Loin des « événement », dont on n’entend parler que par le prêche (très politique) d’un prêtre devant ses ouailles, Eustache filme une tradition ancestrale de Pessac : l’élection et le sacre de la « Rosière », une jeune femme choisie non pour ses attraits physiques, mais pour ses « qualités morales ».

Bref : une vierge, travailleuse et catholique. Une image traditionaliste qui tranche assez radicalement avec la jeunesse qui s’impose cette année-là, mais aussi avec l’image qu’en donnent alors les piliers de la Nouvelle Vague.

Pas d’ironie, pourtant, dans le regard d’Eustache. Il filme une France qu’on aurait un peu vite fait de balayer d’un revers de la main : celle d’un patriarcat assumé. « La mère s’occupe du ménage, évidemment », lance un conseiller municipal avec une évidence débonnaire et dénuée de tout cynisme. La femme, et la société, ont fait du chemin depuis…

En filmant longuement la réunion de désignation de la Rosière 68, puis la cérémonie elle-même, Eustache livre un témoignage assez fascinant d’un cérémonial hyper codé, d’une tradition d’un autre âge, mais qui a toujours ses équivalents en 2024. Comme le cérémonial électoral ressemble fort à celui qui prévaut encore dans beaucoup de petites communes.

Beau regard en tout cas, plein d’humanité et de bienveillance, qui tire le meilleur d’un dispositif technique réduit au minimum : une caméra frontale, pas de musique ajoutée, des scènes filmées dans la longueur… Simple, et pertinent.

Le Père Noël a les yeux bleus – de Jean Eustache – 1966

Posté : 16 mai, 2024 @ 8:00 dans 1960-1969, COURTS MÉTRAGES, EUSTACHE Jean | Pas de commentaires »

Le Père Noël a les yeux bleus

Le film aurait pu s’appeler Les Mauvaises fréquentations, titre alternatif du premier moyen métrage d’Eustache. D’ailleurs, ça a été le cas un moment, en tout cas sur le papier : Le Père Noël a les yeux bleus est bel et bien une variation sur le thème du précédent, ou plutôt le deuxième volet d’un diptyque sur le même sujet, à ceci près qu’une ville de province (Narbonne) se substitue à Paris. Ce qui n’est pas totalement anodin.

Pas anodin, parce que le rythme n’est pas le même. Et que sans faire d’anti-provincialisme de base (je vis dans un petit village d’un secteur bien rural), l’ennui n’a pas la même qualité.
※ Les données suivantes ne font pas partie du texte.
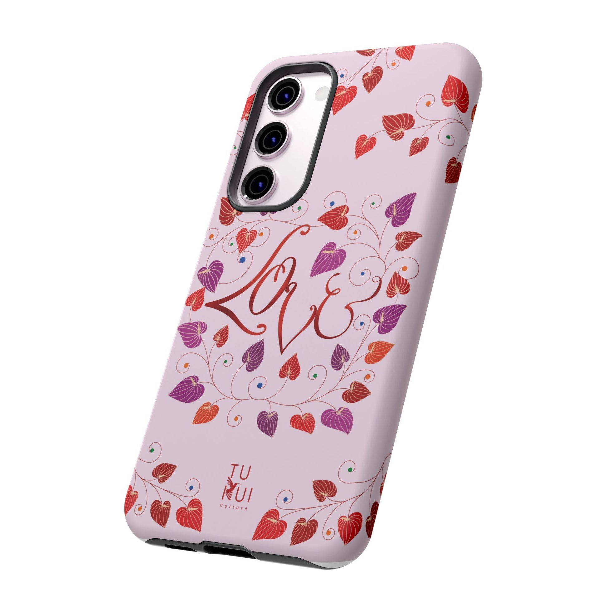 This phone case with an illustration of red flowers and a lettering that says 'Love' exudes a romantic and vibrant vibe. It is perfect for someone looking to accessorize their phone with a touch of love and nature. Ideal for those celebrating Valentine's Day or anniversary.
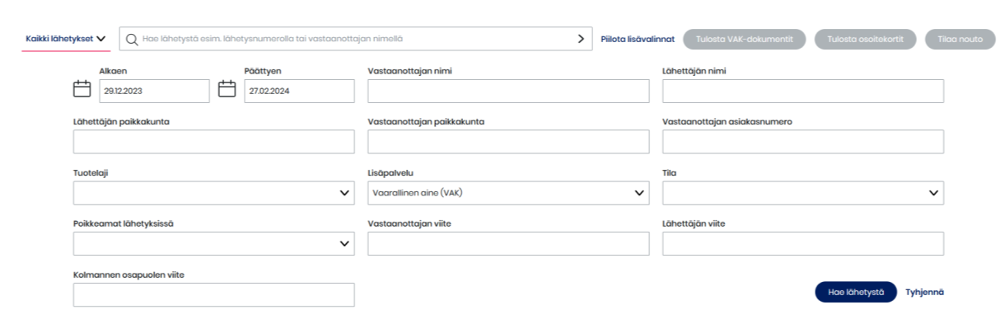 Voit hakea VAK-lähetyksiä avaamalla etusivun lähetyslistalta haun lisävalinnat ja valitsemalla lisäpalveluista Vaarallinen aine (VAK).
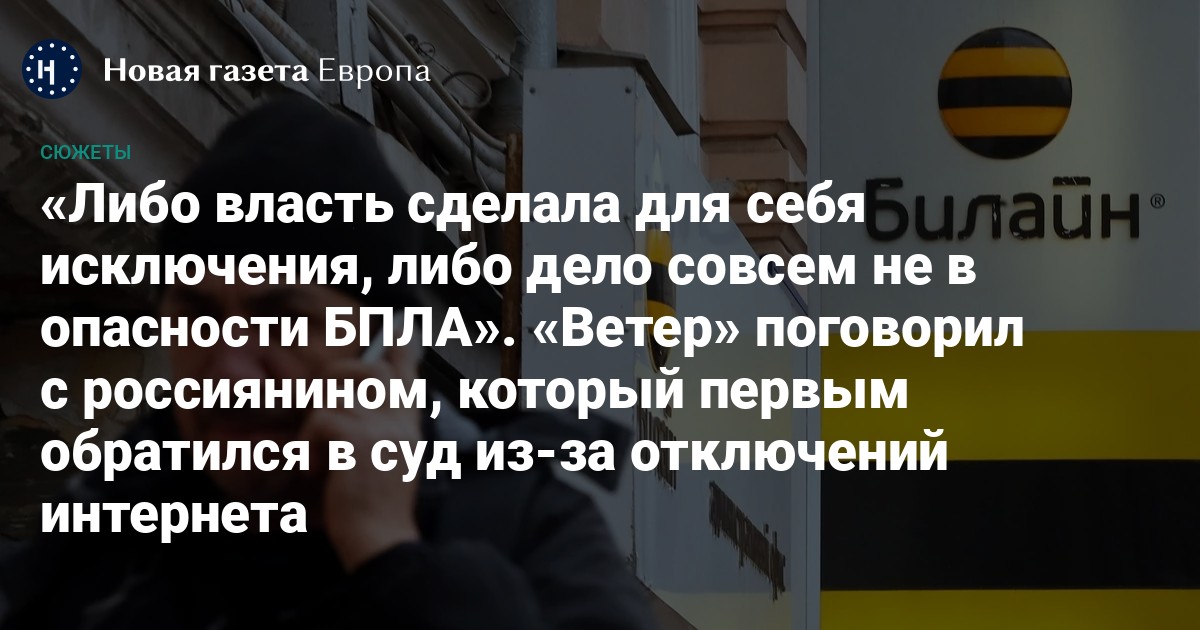 В иске (есть в распоряжении редакции) истцы сообщили, что с 22 октября, несмотря на положительный баланс на телефонных номерах «Билайна», у них был ограничен мобильный интернет. Доступ был лишь на сайты «Авито», ВКонтакте, Озон и Госуслуги. То есть интернет-ресурсы так называемого «белого списка». Ранее Минцифры сообщало, что этими сайтами можно будет пользоваться даже при отключении мобильного интернета.
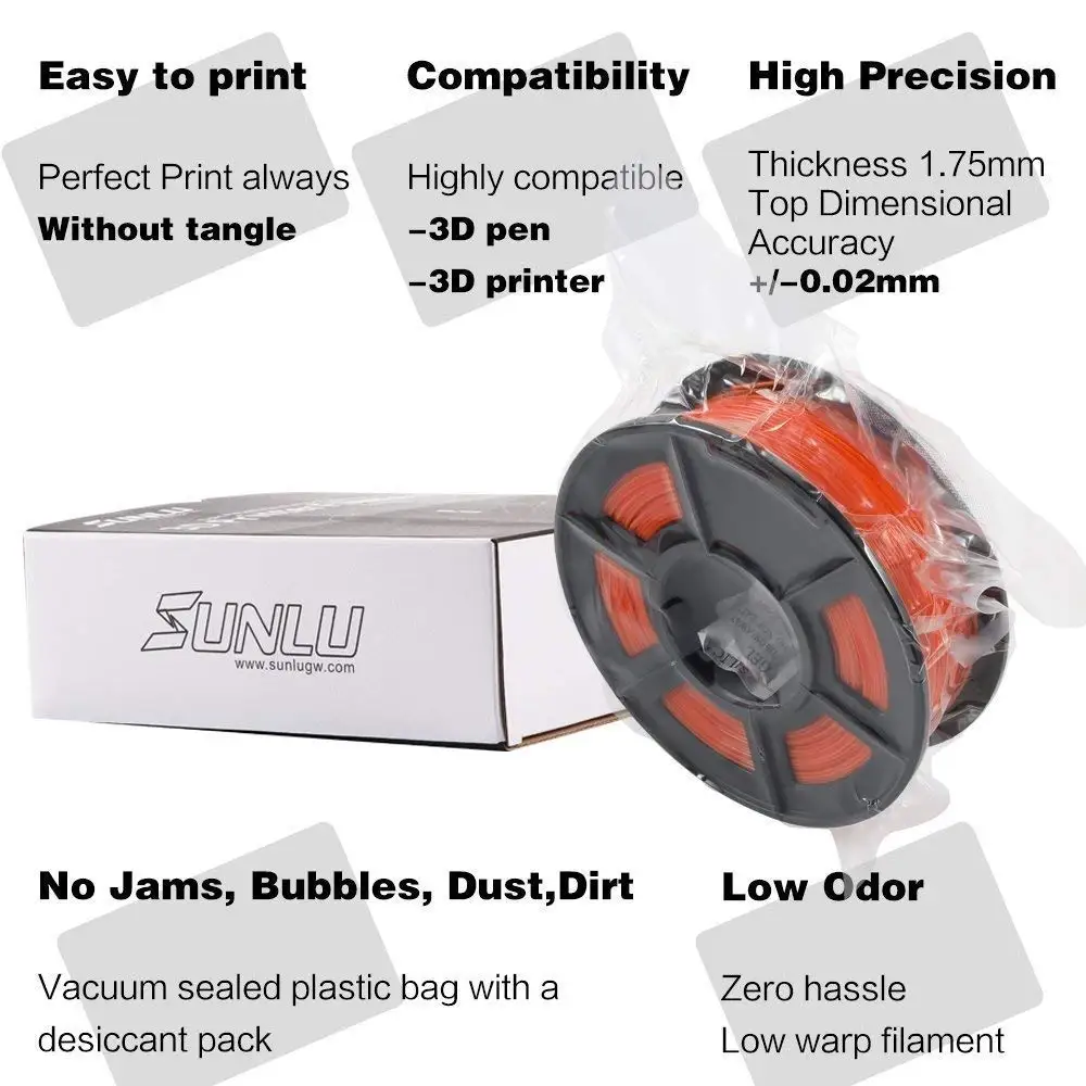 SUNLU PLA PLUS 3D Printer Filament PLA plus 1.75mm PLA+ Filament 2.2 LBS 1kg Spool 3D Filament for 3D Printers and 3D PensBuy Now On Aliexpress
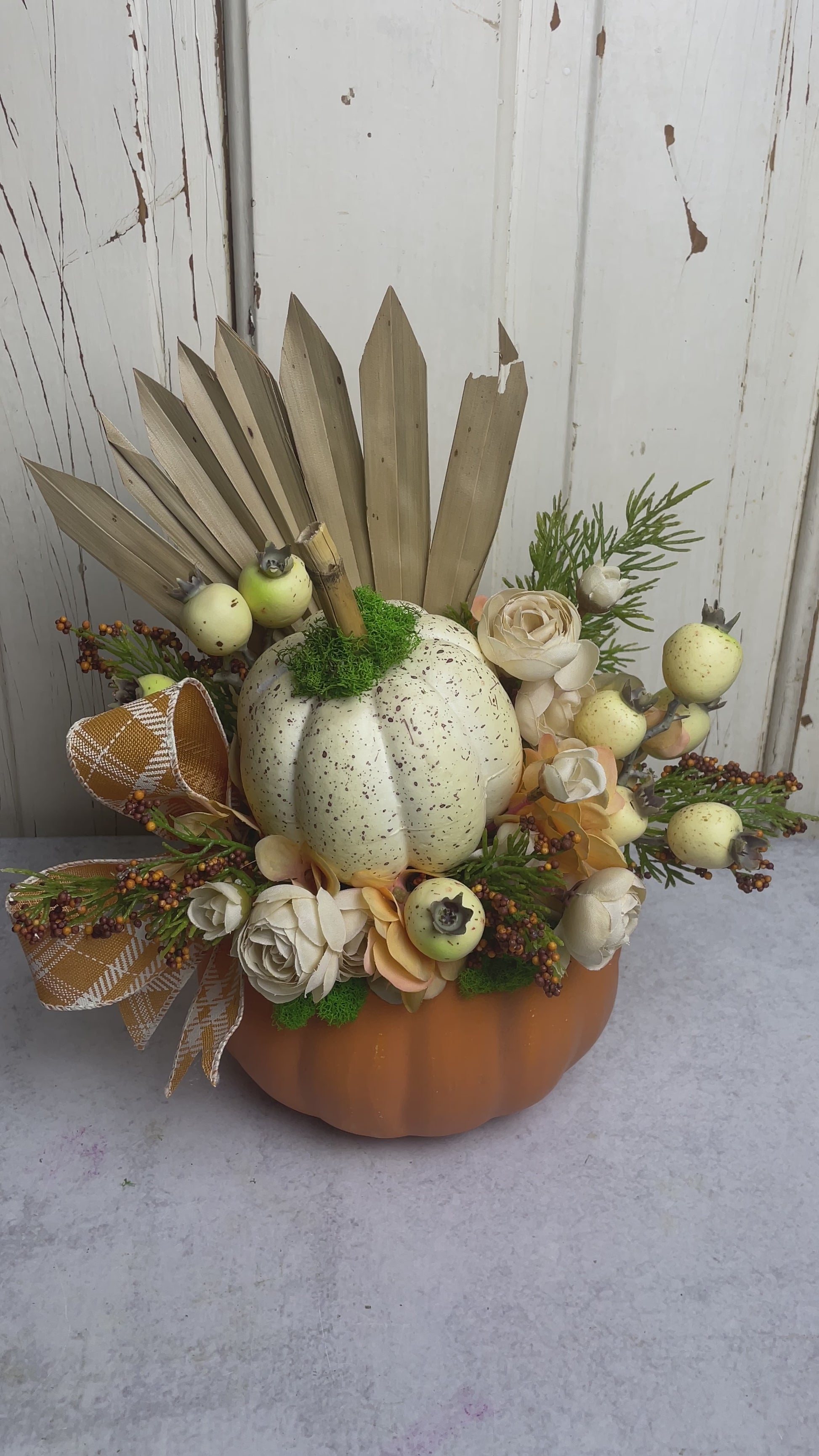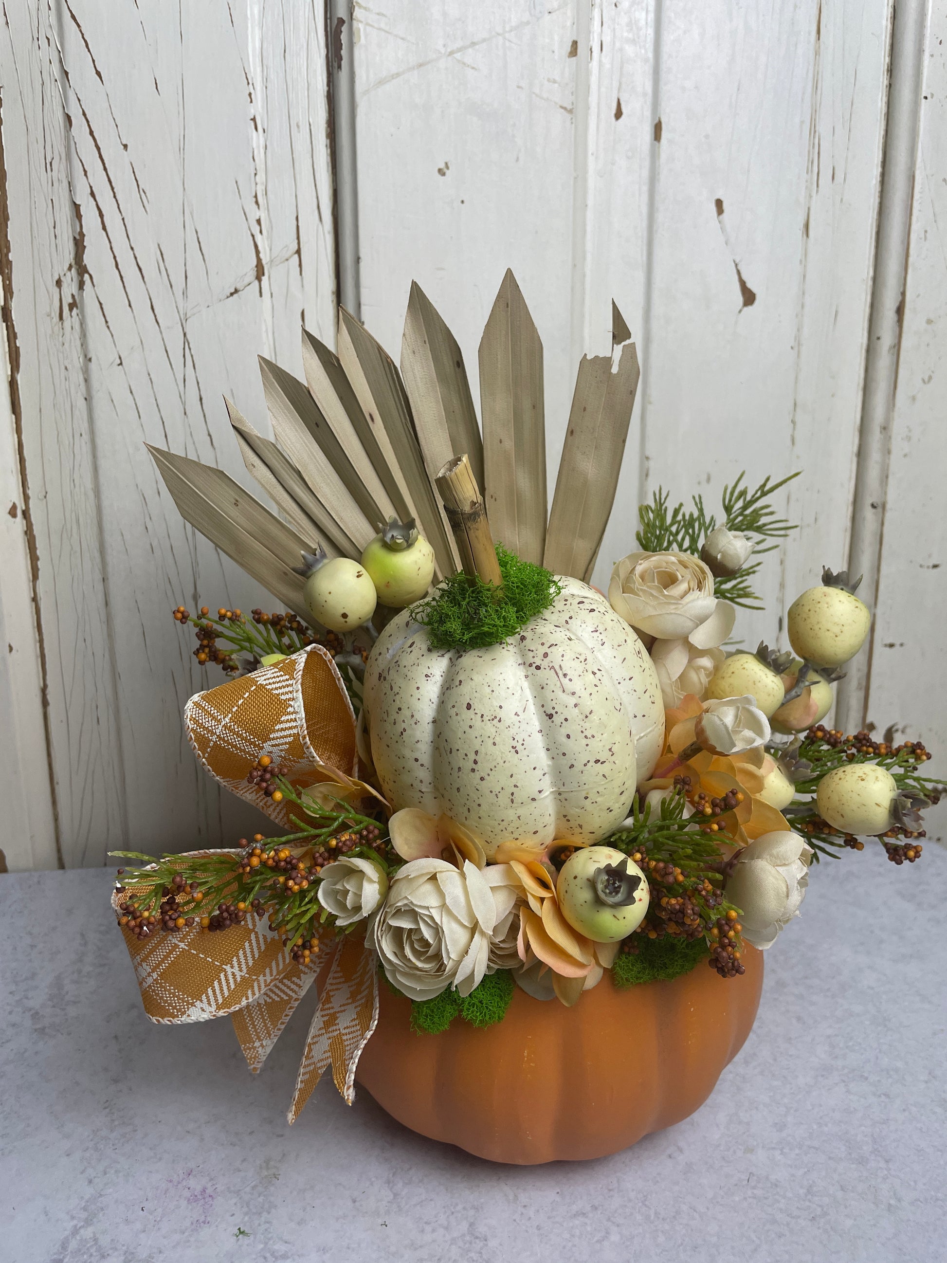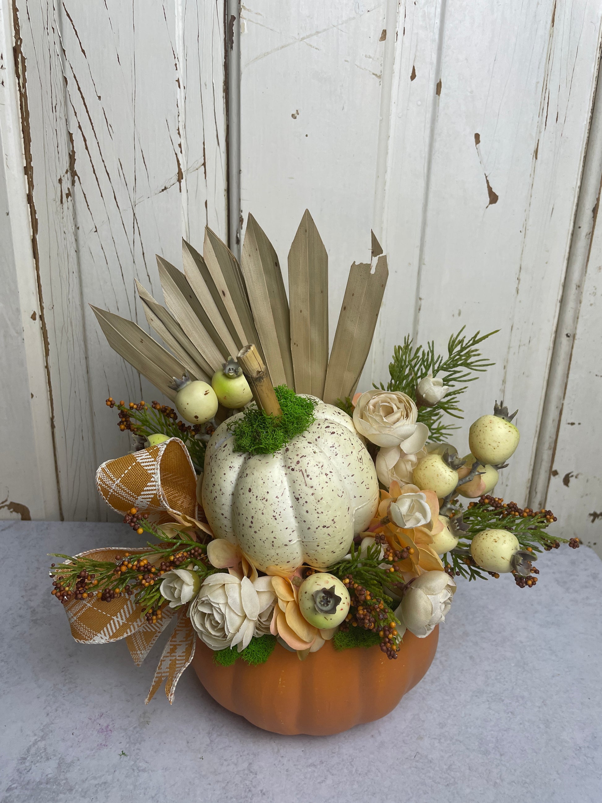 Designed inside a charming faux pumpkin base, the arrangement showcases elegant palm leaf accents, soft cream florals, and a speckled white pumpkin. The warm plaid ribbon and natural textures make it an ideal choice for seasonal decorating, whether as a statement Thanksgiving centerpiece or as an accent for your mantel or entryway.
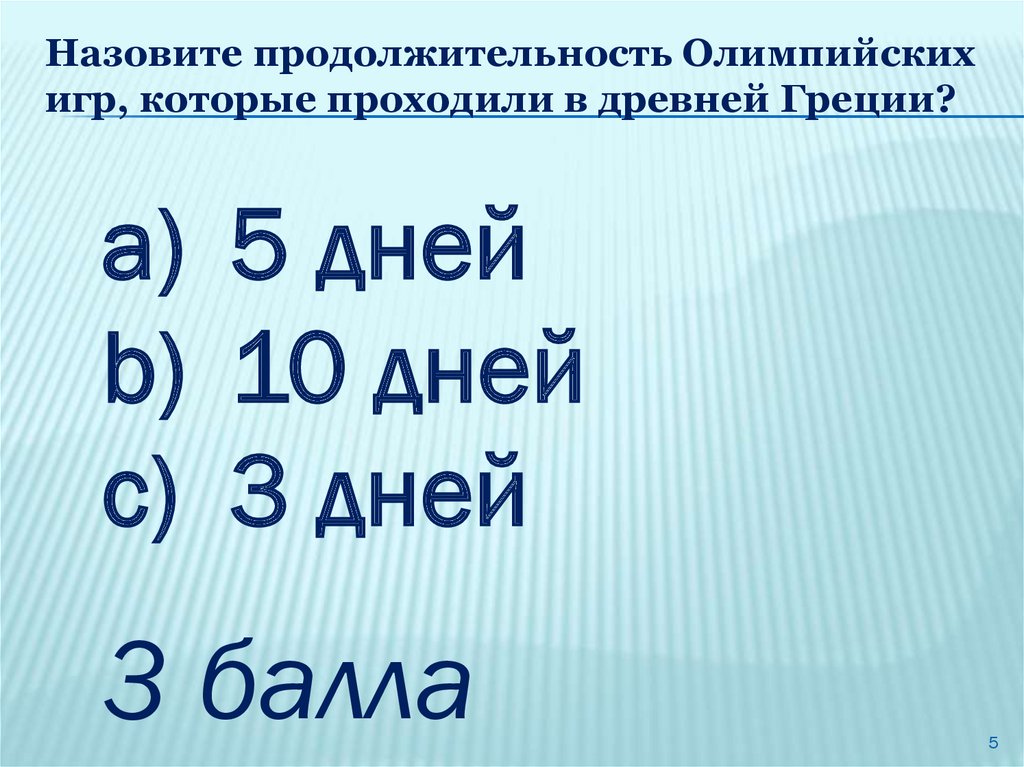 Назовите продолжительность Олимпийскихигр, которые проходили в древней Греции?
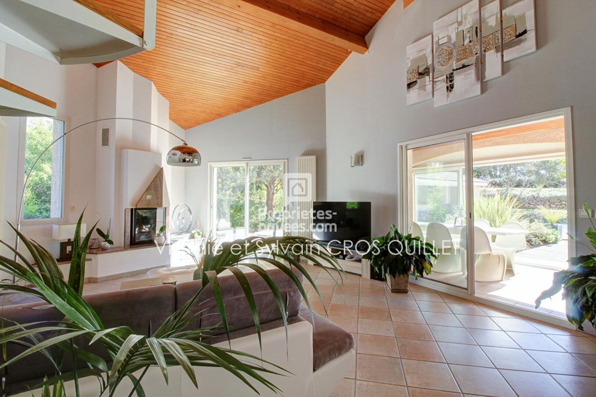Maison entièrement tournée vers son bel environnement extérieur, paysagé, aménagé, avec vue sur piscine.
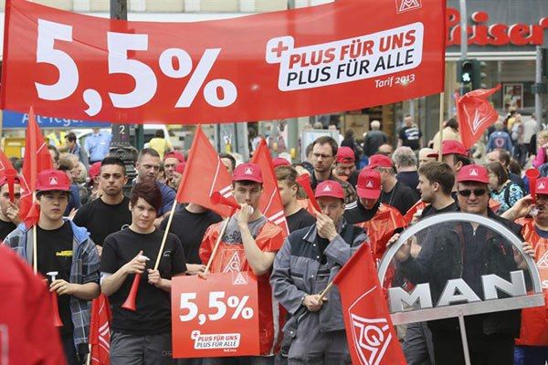 El sindicato exige un aumento salarial del 5,5 por ciento este año a 3,7 millones de trabajadores de la metalurgia, distribuidos en diferentes ramas, desde el automóvil hasta la electricidad.
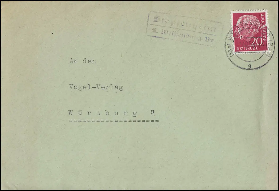 an den Vogel-Verlag in Würzburg, Frankatur defekt
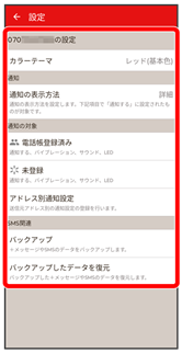 | バックアップ | +メッセージやSMSのデータをバックアップします。 | |
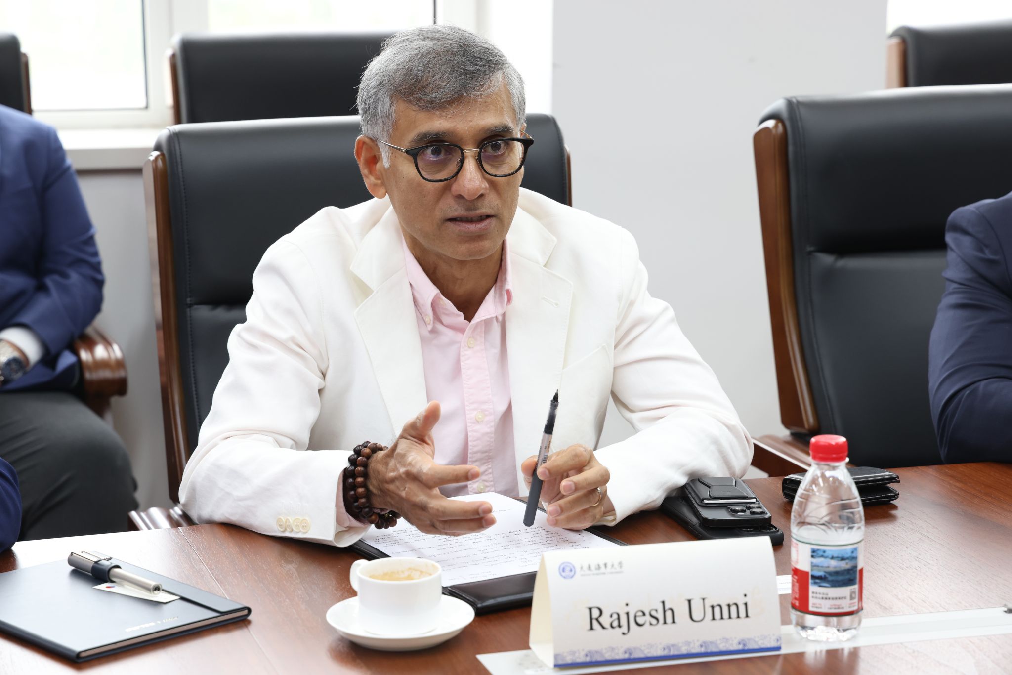 单红军对Rajesh Unni一行的到访表示欢迎,并简要介绍了学校的历史沿革、办学特色、人才培养、科技创新及国际合作等情况。他表示,学校始终坚持开放发展,重视国际合作交流,希望通过Rajesh Unni一行来访为契机,开启双方在智能航海人才培养、人员交流访问、智能航运平台共建、国际化培训等方面的交流合作,共同为全球海事行业可持续发展和智慧化转型作出积极贡献。
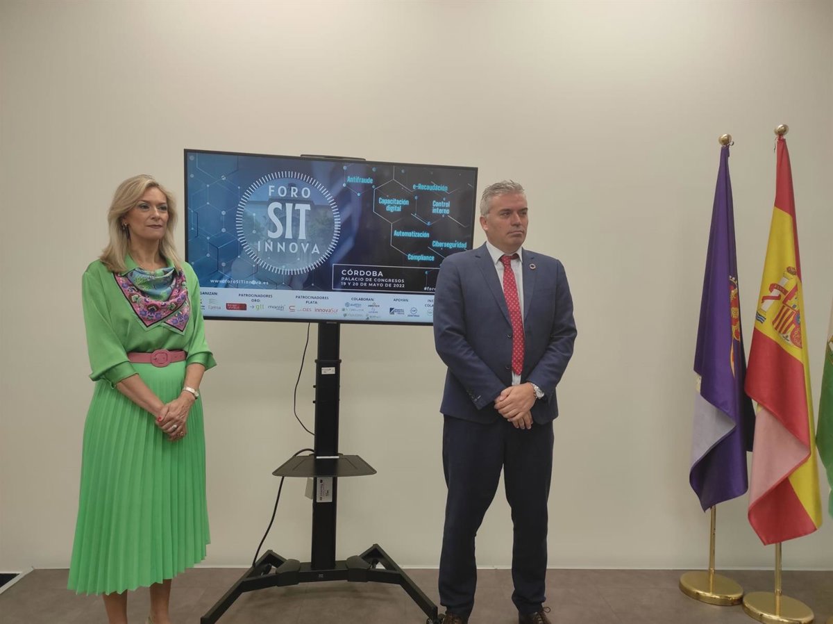 El delegado de Administración Electrónica y Programas Europeos de la Diputación de Córdoba, Víctor Montoro, y la vicepresidenta de Cosital Córdoba, Carmen Parra, en la presentación del primer 'ForoSITinnova'. - EUROPA PRESS
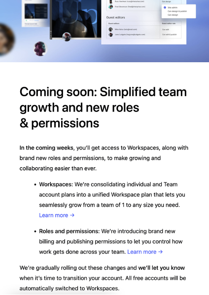Sales and marketing emails, if you can get copies of them, can provide a more informal version of the company’s messaging. You may even start to see variations of messaging being tested by different individuals, and get hints of where the messaging may be going. My favorite application of email-driven competitor messaging analysis, however, is product-focused. Take a look at how Webflow uses email to announce a new feature, Workspaces:
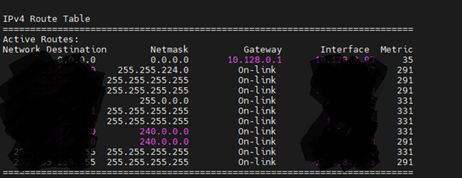아래 표에는 Gateway(목적지 다음 경유지), Metric(우선순위), Interface(실제로 나가는 장치) 등이 기록되어 있는 것을 확인할 수 있다.
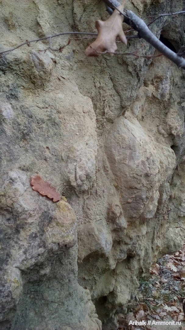 Похоже, что этот коренник, не только в обвальной зоне, но и сам обвалился когда-то, т.к. аммонит здесь лежит не горизонтально, как положено в кореннике, а вертикально. | ||||||

Les jeunes gens, cependant, ne sont pas bien différents. Ici, le héros a les traits de Jean-Pierre Léaud, alors forcément, il ne ressemble pas tout à fait aux duettistes du premier film. Mais son ambition n’est guère différente : séduire, pour tromper son ennui.

Le film doit son titre à une séquence centrale, dont l’idée, d’après Eustache lui-même, est à l’origine du projet. Léaud, pour gagner l’argent dont il a besoin pour s’acheter un duffel-coat (le grand enjeu dramatique du film : va-t-il pouvoir l’acheter ?), joue les Père Noël pour un photographe, et profite de ce déguisement pour accoster des jeunes femmes qu’il connaît de vie, et qui se demandent toutes qui est cet homme derrière ce déguisement.

La vérité pure et fascinante qui faisait la beauté de Du côté de Robinson est toujours là, avec la même réussite et le même sens du réel… et du cinéma. Les deux, inséparables. Ces deux premiers moyens métrages imposent un cinéaste qui, même s’il paye son tribut aux réalisateurs « cartés » de la Nouvelle Vague (jusqu’à filmer le personnage de Léaud devant une affiche des 400 coups), a un univers bien à lui. Pas encore un long, et déjà : j’aime Eustache.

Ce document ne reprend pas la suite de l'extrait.